What does "Response time, 90% span" mean on the datasheet for my module?
Normally, a response time figure refers to how quickly a module's output can "respond" to a change in the input signal. "Response time, 90% span" refers to how fast a module can adjust its output when a step signal is applied at the input, where the magnitude of this step input is 90% of the input span of the module.
How does the load resistance of a module affect the noise at the output?
Noise at the output of a module is independent of load resistance.
Can the DSCA30/31-xx be modified to have a faster response time?
The DSCA30/31-xx series cannot be modified to have a faster response time. However, the DSCA40/41-xx series is the direct equivalent of the DSCA30/31-xx series, but with a wider bandwidth and faster response time.
Will I damage the input of my DSCA40-02 if I apply a 12V signal?
All DSCA40 and DSCA30 modules are input protected up to a continuous 240Vrms signal. 12V is well below that rating and will not damage the module.
How far can I overrange my DSCA30/31/40/41 module? What will the effects be on the module/output?

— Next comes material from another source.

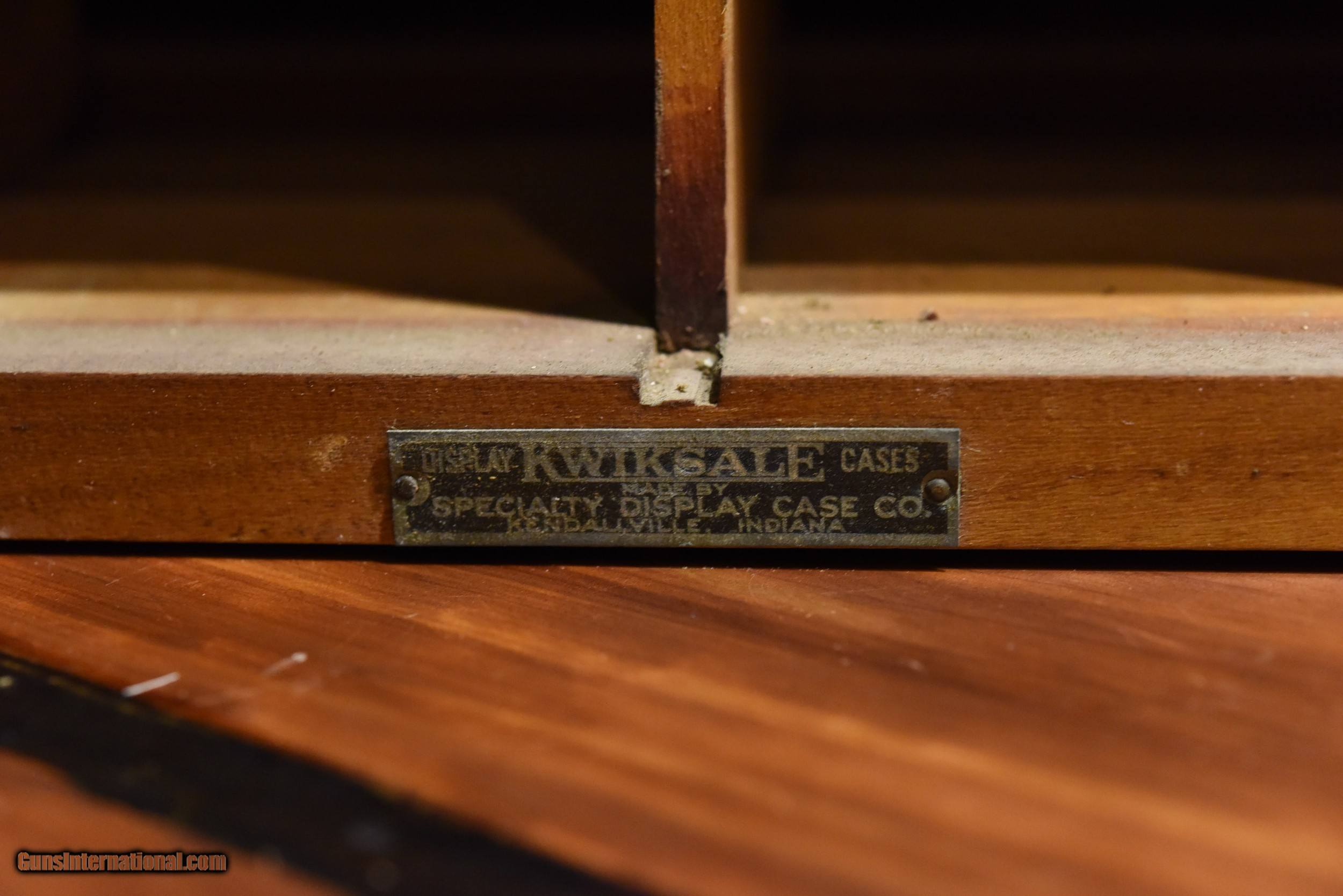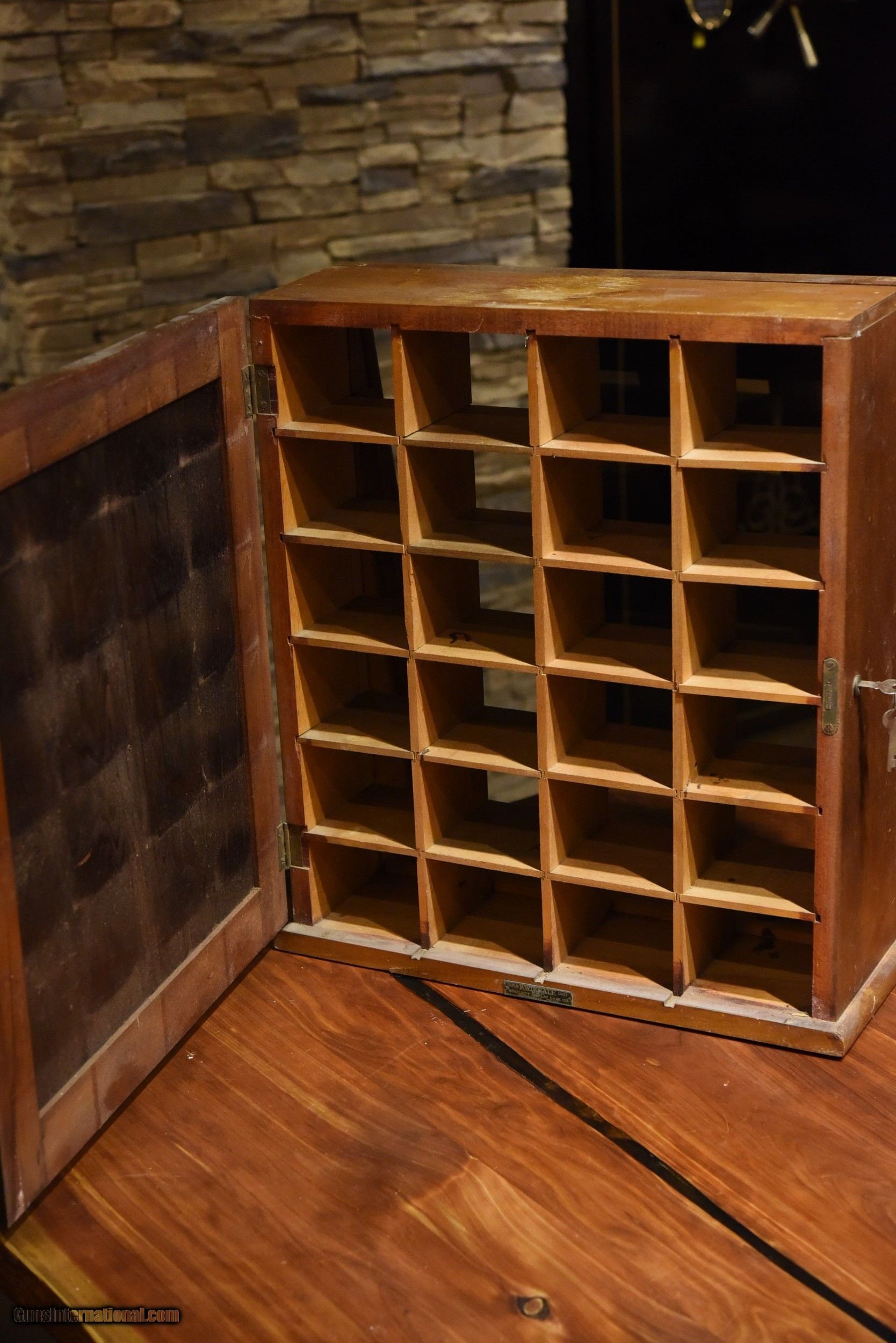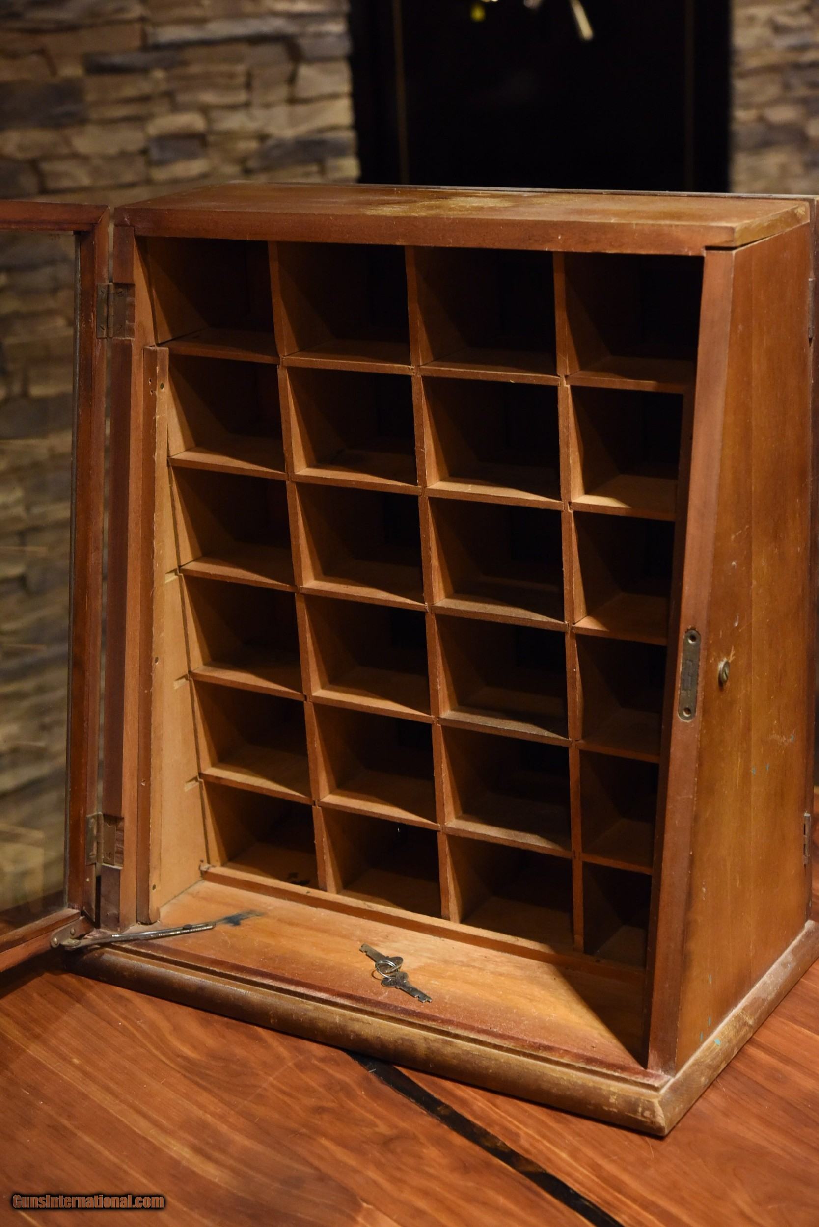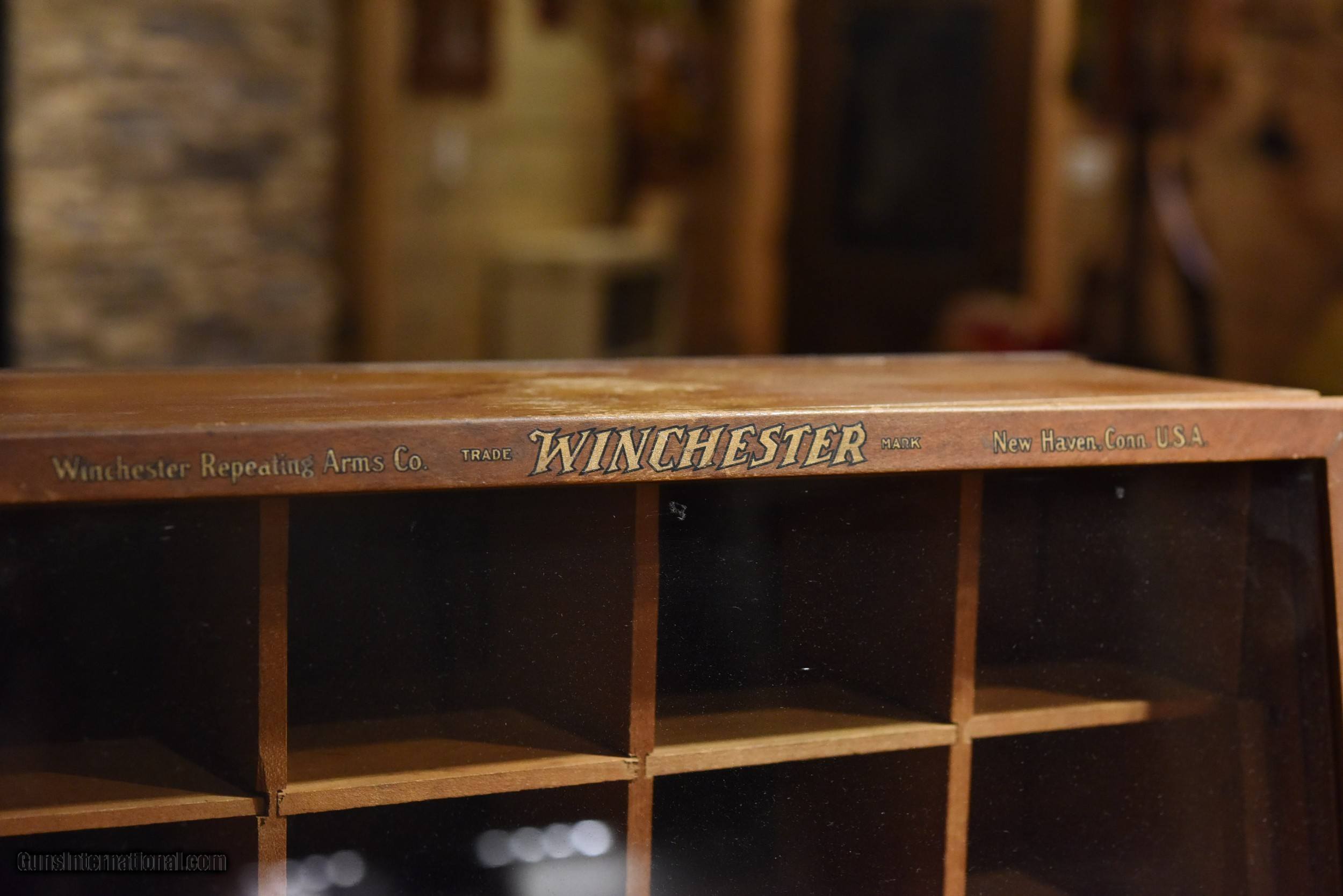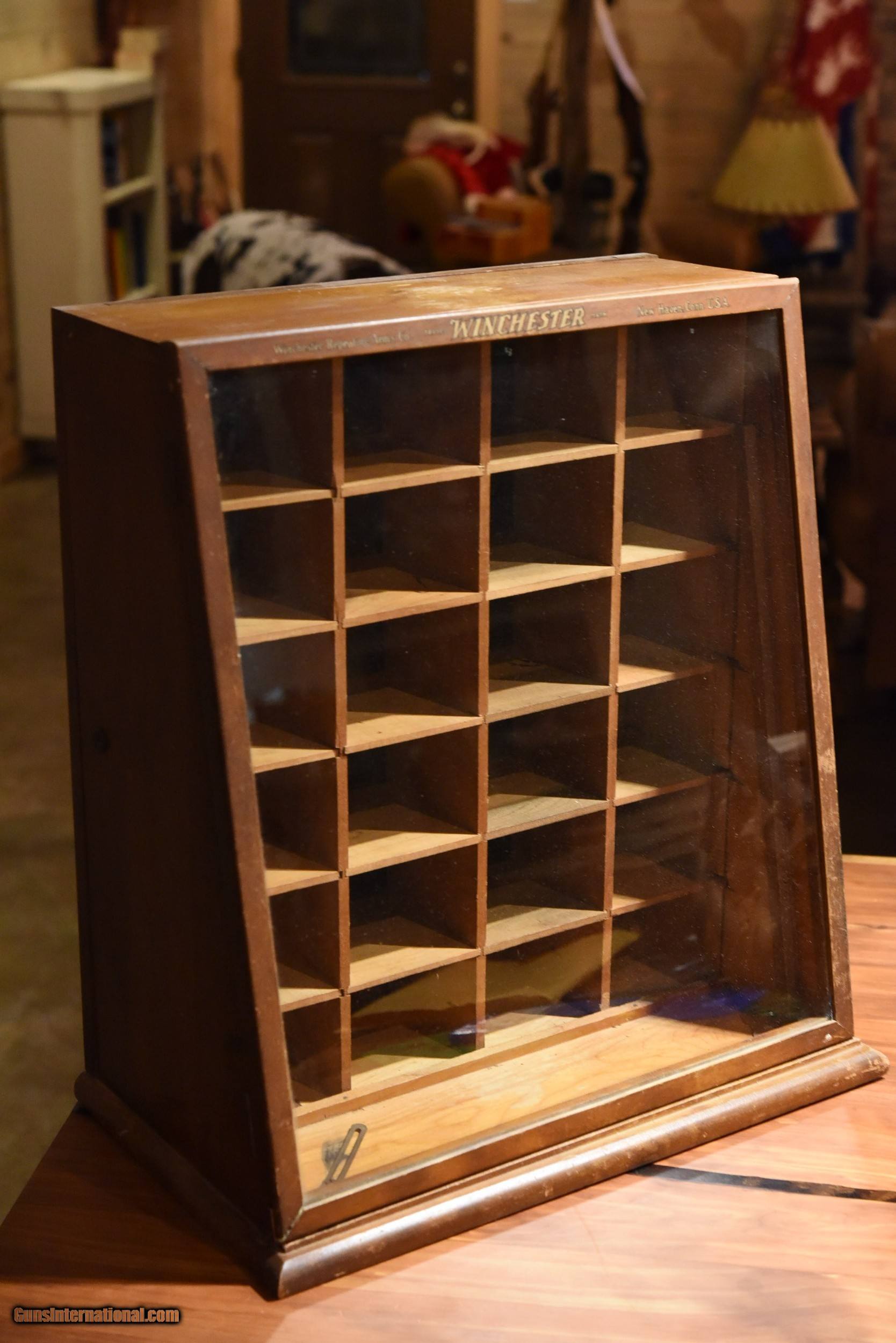 Description: SOLD This a beautiful, antique Winchester counter display cabinet. It is all original, including old wavy glass and still having its original keys! It unlocks both on the front and back. I believe it was for knives, but as you can see, I used it to display my collection of Winchester 22 bricks. VERY RARE, I have never seen another. I am also selling the bricks of ammo, and will be listing them shortly. Decided to sell some of my lifelong collection because corona has killed my business. Thanks for looking. SOLD pending payment SOLD |

The overrange capability is approximately 10% of the input range unless otherwise specified in the datasheet. Beyond that level the output will become nonlinear and will clamp either at a reference or power supply rail. Accuracy and linearity are not guaranteed over the minimum and maximum output.
The module will not be damaged in any way unless the input exceeds the input protection specification, which is 240Vrms continuous.
What size wires do the DSCA modules accept?
DSCA module screw terminals are rated to wire gage AWG: 28 – 12.
Do DSCA modules come with screw terminal blocks installed?
Yes, DSCA modules do come with the screw terminal blocks installed. The screw terminal accessories listed in our catalog are intended as replacements in case a terminal block is damaged or lost.
What does it mean when an input module has for example a 3kHz bandwidth?
A 3kHz bandwidth on an input module means it can accept voltages from DC to 3000Hz. Any frequency higher than that and the signal will start to be attenuated by the filter at the input.